Design of low-frequency and broadband acoustic metamaterials with I-shaped antichiral units

Controlling the propagation of low-frequency sound waves on the sub-wavelength scale is still a challenging problem. For the design of low frequency sound reduction materials, this paper introduces the I-shaped antichiral unit to the acoustic metamaterials with Mie resonance, which can manipulate the sub-wavelength acoustic waves and achieve effective low-frequency and broadband sound isolation. By adjusting the width of the ligament, the proportion of the omnidirectional bandgap is 65.6 % in the subwavelength range. Firstly, the designed acoustic metamaterials are constructed by rotating the I-shaped units with mutually orthogonal periodic distribution. The parametric geometric model of metamaterials is established, and the low-frequency and wide bandgap can be effectively realized by adjusting the ligament width. Then, the investigation of sound pressure and phase reveals that the bandgaps attribute to the Mie resonant mode.
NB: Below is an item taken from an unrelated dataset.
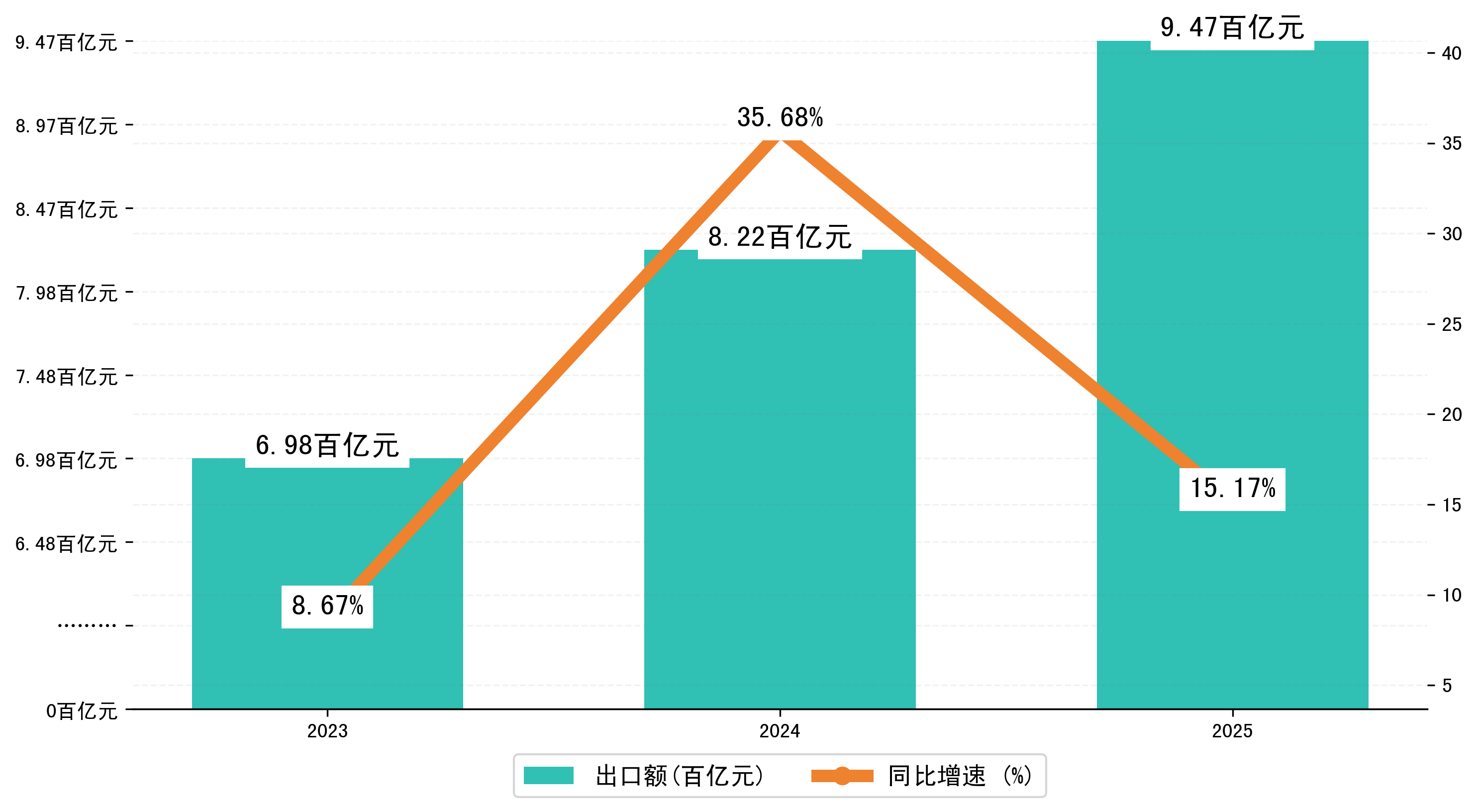以人民币计,2025年1-2月杭州市出口额为946,9531.4317万元,相比上年同期增加了124,7524.2337万元,同比增加了13.40%。

Furthermore, based on the transfer matrix method, the effective bulk modulus and effective mass density of acoustic metamaterials are derived. The results show that the frequency range of the negative effective parameters obtained is consistent with that of the band gap. Finally, experimental tests are carried out, the region where attenuation occurs is in good agreement with the bandgap range (1158–2500 Hz) predicted by eigenfrequency analysis. The experimental tests verify the effectiveness of the designed antichiral acoustic metamaterials for low frequency sound reduction. The introduction of the antichiral unit provides a broad space for the application of acoustic metamaterials in low-frequency sound reduction. The low-frequency and broadband can be effectively realized by adjusting the ligament width. The low-frequency can be effectively realized by adjusting the ligament width. The experimental tests verify the effectiveness of the designed antichiral unit.